- Hermano Freitas
- Direto de Salvador
Escolhido pelo governador Jaques Wagner (PT) por sua atuação no teatro, o secretário estadual baiano de cultura Márcio Meirelles (sem partido) vê no fomento à produção de cultura audiovisual local uma forma de diminuir as diferenças sociais e gerar renda. Meirelles relata a experiência da TVE baiana, que terceiriza a produção de pequenos documentários como incentivo a pequenas produtoras.
Meirelles representou na quinta-feira o governador do Estado na abertura do 1° Encontro Internacional da Diversidade Cultural, realizado em Salvador por diversas entidades a favor de políticas públicas pela diversidade cultural.
Confira a íntegra da entrevista:
Uma das reivindicações das entidades de defesa da diversidade cultural é o direito de produzir e divulgar cultura local, ainda que com reserva de mercado. Como o senhor vê isso?
É certo que seja assim. É uma luta enorme, uma luta internacional. No país é uma luta de caráter mais nacional que estadual. Aqui na Bahia a gente uniu a política do audiovisual com a radiodifusão, então a nossa TV é pública e incentiva e fomenta a produção de conteúdos.
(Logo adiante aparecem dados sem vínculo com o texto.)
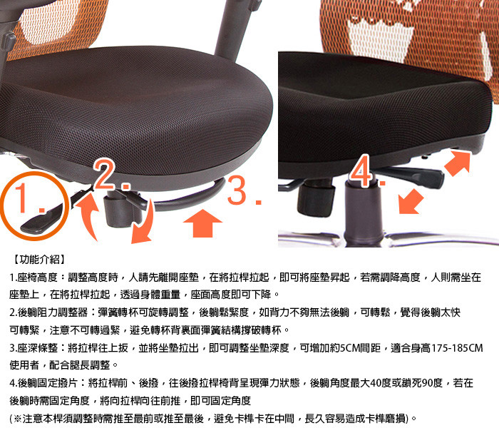 7.使用座椅前,需注意使否有安裝、鎖定穩固,請勿站在椅子上、跳座上椅子、蹬腳、雙腳離地、盤腿在座椅上,不當使用容易發生危險。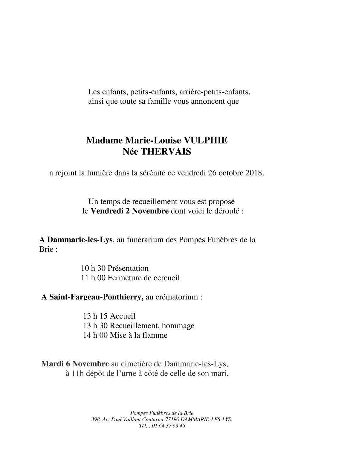 Veuve de Monsieur Gerard VULPHIE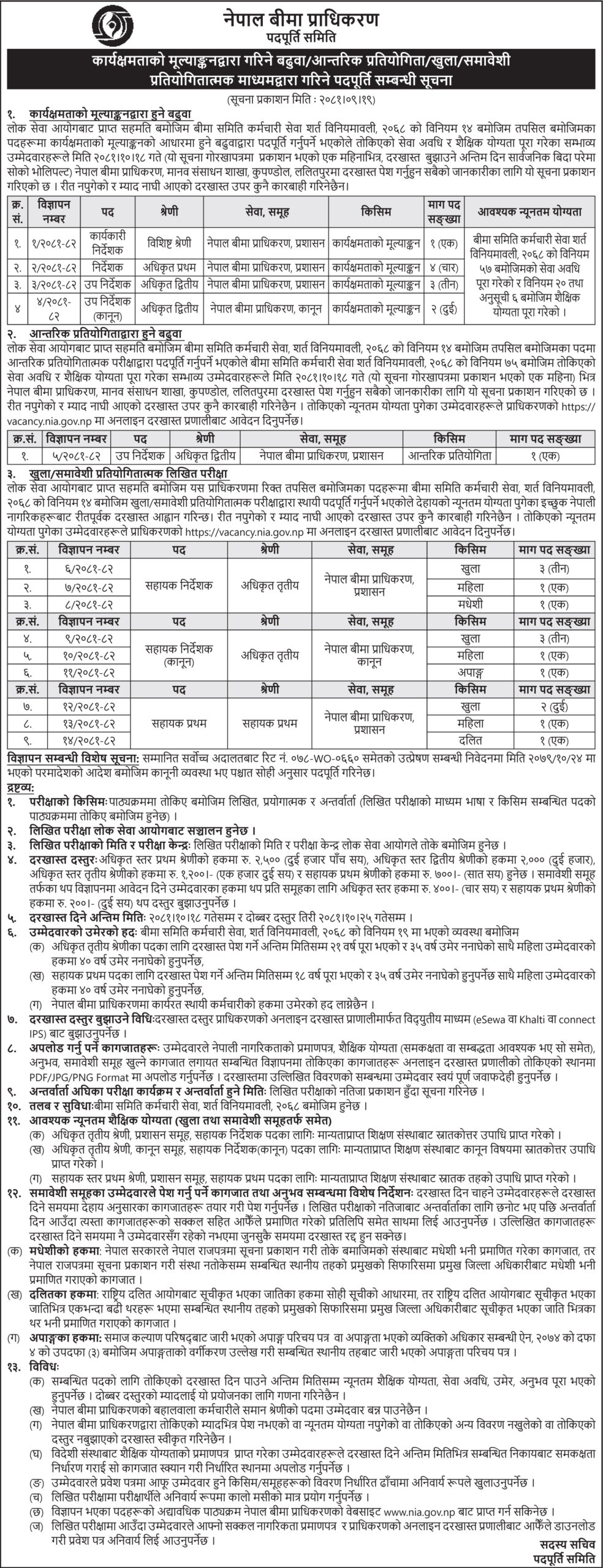 बीमा प्राधिकरणमा ठूलो संख्यामा कर्मचारीका लागि आवेदन खुल्यो (सूचना सहित)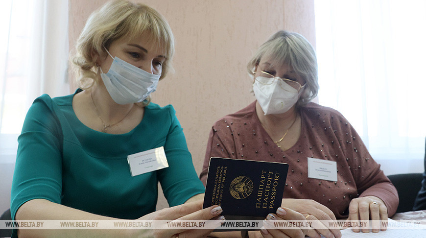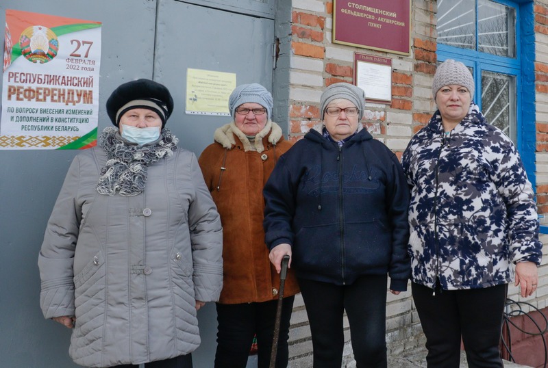 Жительницы деревни Столпище Мария Николаевна Кудинова, Татьяна Николаевна Коломеец, Наталья Николаевна Лагойко пришли на Столпищский участок для голосования №11 в...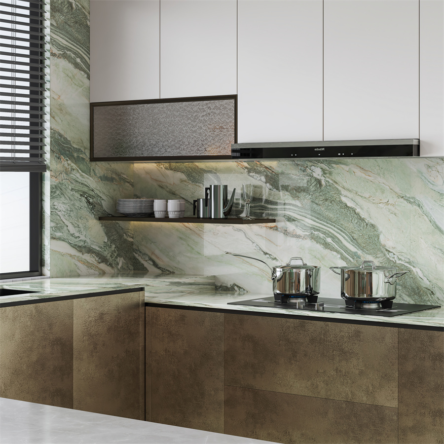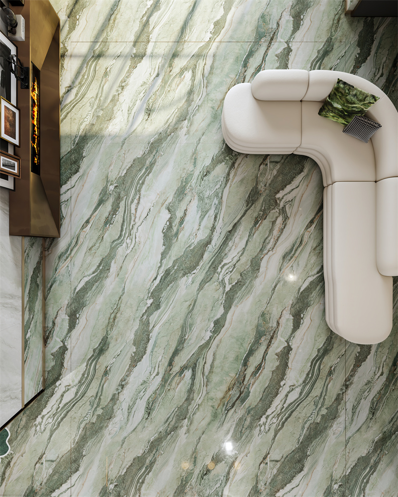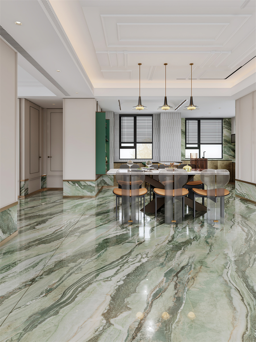 翠绿色带蜿蜒嵌入石中,构成一幅青山映水的立体画卷,传递盎然生机。

Temos feito muitos editais e licitações, para produzir o mínimo possível e fomentar o máximo possível.
Explique um pouco melhor isso, produzir o mínimo possível fomentando o máximo?
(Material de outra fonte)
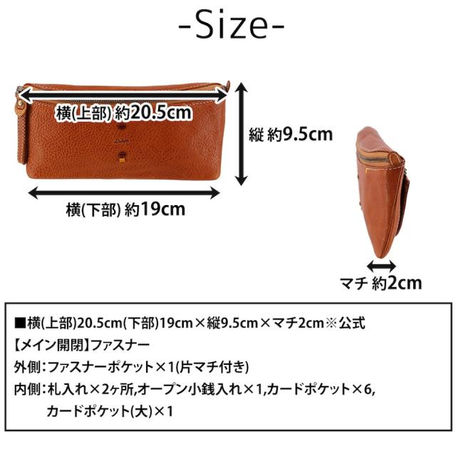 | サイズ(約) ※当店実寸値 | 公式サイズ 横(上部)20.5cm(下部)19cm×縦9.5cm×マチ2cm | ||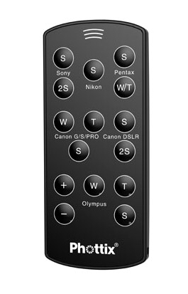Инфракрасный пульт дистанционного управления Phottix 6-в-1 обеспечивает возможность автофокуса и спуска затвора для фотоаппаратов: Nikon, Canon DSLR, Canon G/S/Pro серии, Sony, Pentax и Olympus.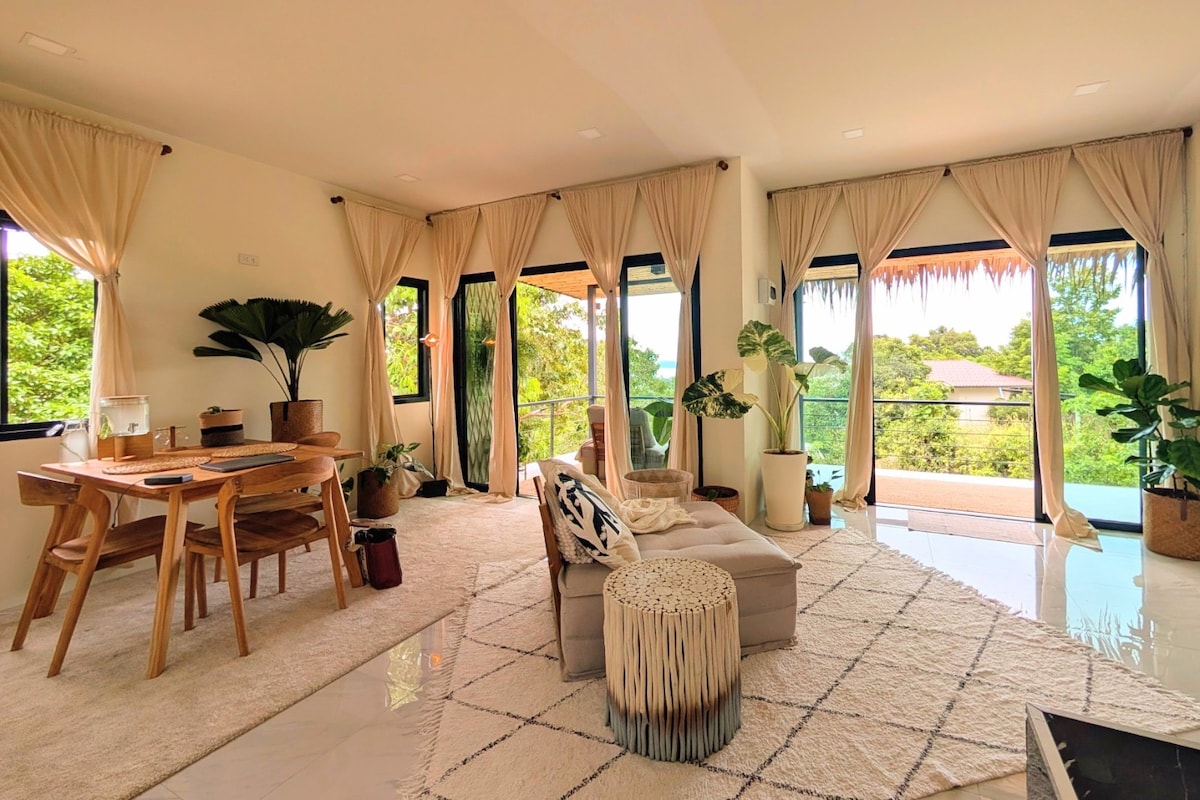 LOLISEA le ofrece un alojamiento independiente y espacioso con una piscina privada infinita (agua salada sin cloro) que le ofrecerá unas vistas impresionantes del Parque Nacional de las Islas Ang Thong, así como de su isla vecina, Koh Tao. Una casa totalmente equipada para su mayor comodidad: cocina funcional, zona de relajación con un televisor grande, dormitorio separado y con aire acondicionado, y baño abierto. Todo ello decorado con modernidad sin alejarse del entorno natural.

(Risos) A TVE produz jornalismo, mas tudo aquilo que é conteúdo especial, como documentários, programas temáticos, como sobre o carnaval, existe uma licitação para produzir mini-documentários produzidos em várias partes da cidade, para que possam dar uma visibilidade ao todo, não só aos grandes desfiles. Então é isso que eu digo, produzir menos e fomentar mais. Quando se faz isso você injeta recursos no mercado.
É uma forma de distribuição de renda?
Sim, pequenas produtoras e jovens cineastas que entram no mercado e que produzem coisas de qualidade, como clipes de música. Fazemos muito editais para conteúdos, mini-séries, pilotos de programas. Então você tem um veículo de televisão pública e tem a política do audiovisual. Temos incentivado os cineclubes e a difusão do cinema. Ainda é muito pouco, mas é o que podemos fazer no nível estadual. Mas é uma briga nacional.
Se a produção cultural é boa e de qualidade, precisa de reserva de mercado, precisa de lei e incentivo público?
Precisa, porque a cultura é um processo. A gente está acostumado, por uma política anterior, a consumir muito mais um produto que vem de fora, em especial dos Estados Unidos, do que nossa própria produção audivisual.
O senhor vê isso como imposição ou como algo que foi construído a partir do gosto popular?
Foi uma construção a partir de permissividade. Permitimos que acontecesse, talvez por falta de uma produção local, pelo investimento incrível do governo americano em sua própria produção cinematográfica. Então ficamos para trás. Na medida em que ganhamos competência e
fôlego para ter uma produção maior como agora, quando temos uma diversidade de um cinema que é, entre muitas aspas, comercial, de entretenimento até o cinema de reflexão, de instigação e mudança, temos uma gama enorme de produção audiovisual que precisa ser vista.
Mas as pessoas querem ver?
Não é que a produção não tenha qualidade, mas é que estamos acostumados a uma estética. A gente que eu falo é o senso comum. Estamos acostumados até a uma sonoridade de língua. Evidente que isto tem se modificado com as políticas de incentivo. Existem políticas que não são apenas para garantir um mercado, mas também para impedir que todos os recursos saiam do País. Você tem um lançamento de um filme internacional com várias cópias em vários cinemas ao mesmo tempo, competindo com a produção local e impedindo muitas vezes o fomento da produção local. Então, é uma forma de todo mundo sair ganhando. Não se trata de impedir que o cinema americano venha para cá, mas que a gente também possa distribuir nossos filmes fora daqui, que a gente seja visto fora daqui.
O repórter viajou a convite da produção do 1° Encontro Internacional da Diversidade Cultural.